After its release, Kleck wrote a short essay about the Penn study blasting it as “the very epitome of junk science in the guns-and-violence field--poor quality research designed to arrive at an ideologically predetermined conclusion.” Kleck noted the authors had announced guns do not have protective value, yet the authors had not even studied whether a single victim even used a gun defensively.
The Penn article, Kleck wrote, “is merely a reflection of the fact that the same factors that place people at greater risk of becoming assault victims also motivate many people to acquire, and in some cases carry away from home, guns for self-protection . . . For example, being a drug dealer or member of a street gang puts one at much higher risk of being shot, but also makes it far more likely one will acquire a gun for protection.”
Research on people who actually use guns for protection shows the opposite of what Branas and his colleagues claim. Kleck and Jongyeon Tark examined data from the National Crime Victimization Survey, an annual study by the Census Bureau and the Department of Justice that asks individuals if they were crime victims in the last year and, if so, collects information about the circumstances.

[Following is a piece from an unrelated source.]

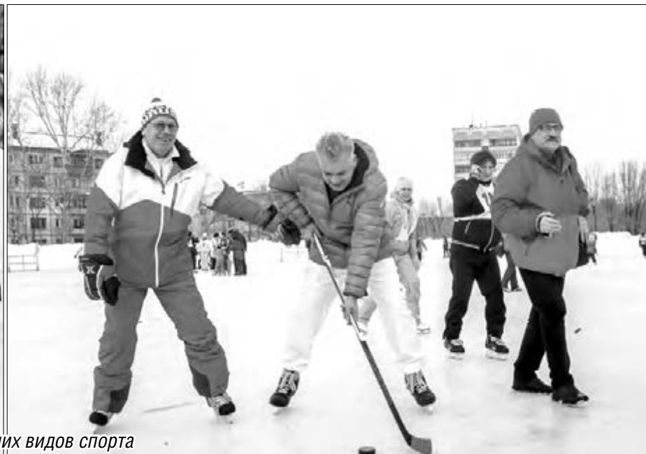
• Городской праздник привлек большое число участников и зрителей – поклонников зимних видов спорта

В рамках общероссийской акции, организованной Министерством спорта Российской Федерации и Союзом конькобежцев России, в состязаниях на спортивном празднике «Лед надежды нашей» приняли участие более двух сотен горожан.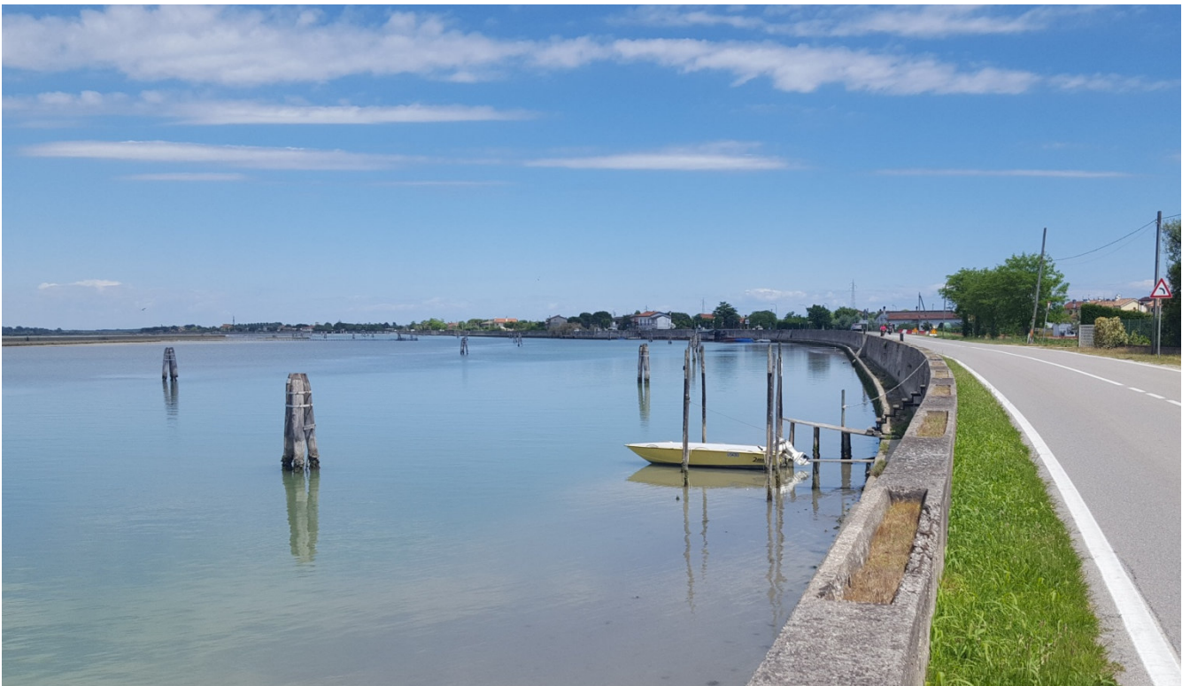
Vedute sulla laguna da via Pordelio

Of those who used guns defensively, the Kleck and Tark study found only 2 percent were injured after they used guns. (“Resisting Crime: The Effects of Victim Action on the Outcomes of Crimes.” Criminology, vol. 42, 2005.) These findings were consistent with previous studies of actual defensive gun use, which found such use does not increase the victim’s risk of harm: Gary Kleck, “Crime Control Through the Private Use of Armed Force,” Social Problems, 1988; Gary Kleck & Miriam A. Delone, “Victim Resistance and Offender Weapon Effects in Robbery,” Journal of Quantitative Criminology, 1993; Lawrence Southwick, “Self-Defense With Guns”, Journal of Criminal Justice, 2000.

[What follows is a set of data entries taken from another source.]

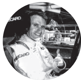
Timo Bernhard Gesamtsieger 24 h Le Mans 2017 FIA-LMP1-Langstreckenweltmeister

„Der RECARO Sitz gibt mir im Rennauto nicht nur die nötige Sicherheit, sondern auch einen gewissen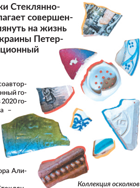
Коллекция осколков материальной культуры.

В основу проекта «Стекло-городок» легла коллекция осколков, найденных на территории селения Стеклозавода. Сейчас она насчитывает несколько тысяч осколков преимущественно дореволюционной и раннесоветской посуды. Её часть и будет представлена на экспозиции.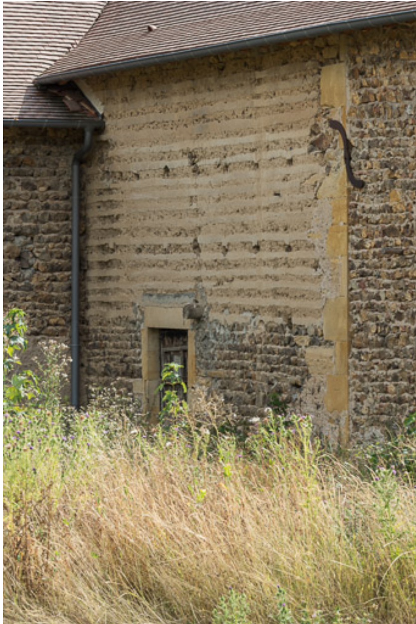
Détail d'un mur de la grange, partiellement bâti en pisé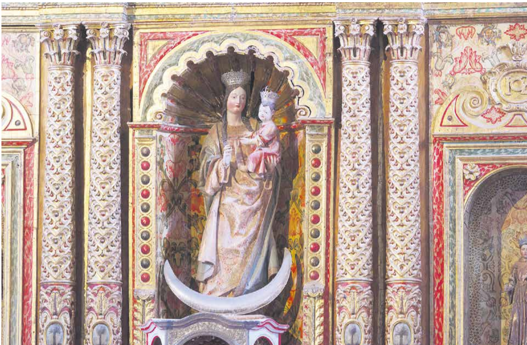
La talla de Nuestra Señora de la Concepción de Betancuria recuerda el estilo del retablo mayor de la Catedral de Sevilla.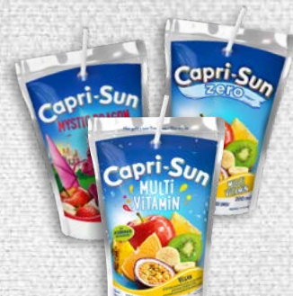
Capri-Sun diverses sortes

Plus avantageux par carton, nos vins se vendent aussi à l'unité. Offre spiritueux non soumise à la validité du prospectus.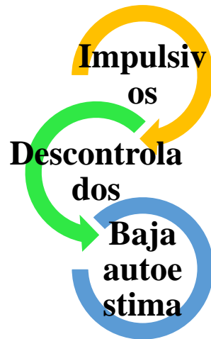
Figura 3. En el SmartArt muestra de que manera afecta este modelo permisivo en el comportamiento del adolescente.

Sin embargo, la facilidad del acceso de la información no es un factor que determine que la familia va a tener más conocimiento en el momento de criar a los niños, una de las frases más comunes es “no hay instrucciones para criar bien a un niño” tal es el caso que intentan darles o mucho amor, confianza y libertad, o bien todo lo contrario, es un hecho que la familia y el individuo tiene distintas maneras de percibir su entorno.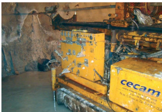
Realització d'un sondatge horitzontal a la Línia 5 del Metro de Barcelona.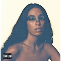
POP SOLANGE WHEN I GET HOME (Columbia)

H ouston, de vierde stad van de Verenigde Staten, is niet alleen groot en druk maar ook vervuild en misdadig. Je hoort het niet af aan When I Get Home , het vierde album van Solange. Op de plaat keert ze terug naar Houston, Texas, de stad waar ze werd geboren en opgroeide in het zwarte stadsdeel Third Ward. Het levert alle behalve hectische muziek op. When I Get Home klinkt dromerig, relaxed en vreedzaam.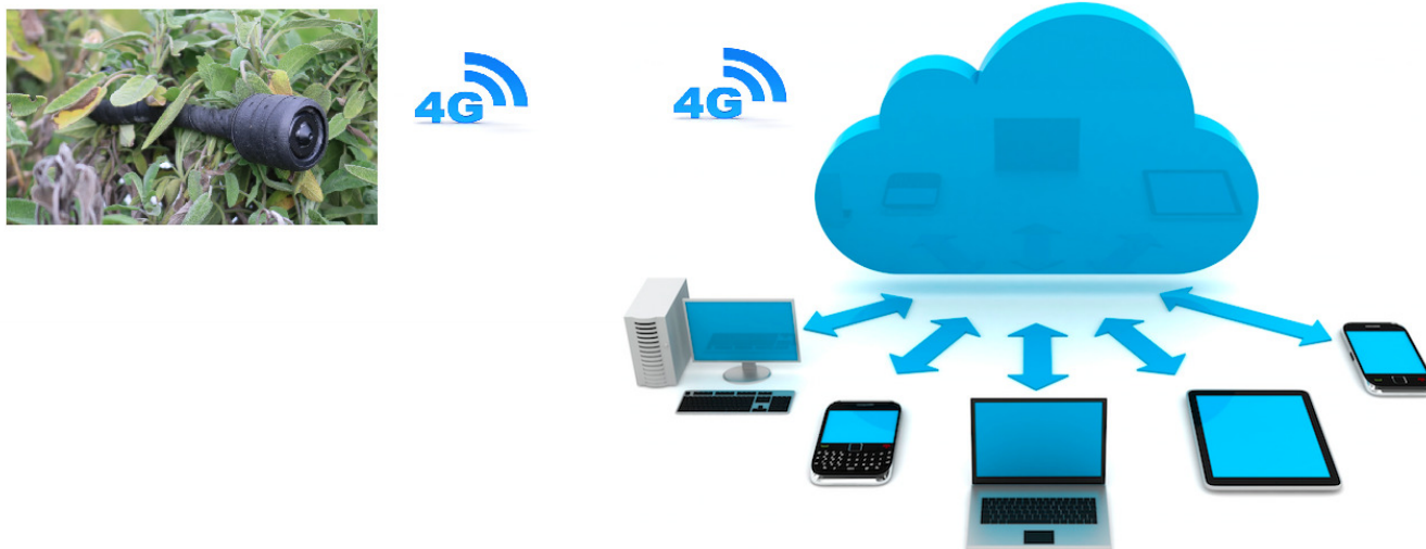
Figura 3: Cloud

But the Philadelphia story was not marketed for people who are familiar with social science studies of defensive gun use. It is simply a propaganda tool for people who unquestioningly believe newspaper accounts of what scientists say--and who never notice that their local paper prominently promotes anti-gun studies but never reports the release of studies about the safety benefits of gun ownership.
Unfortunately, one thing is clear: Much more of the same type of disinformation--funded by your hard-earned tax dollars--is likely to come our way in coming months and years.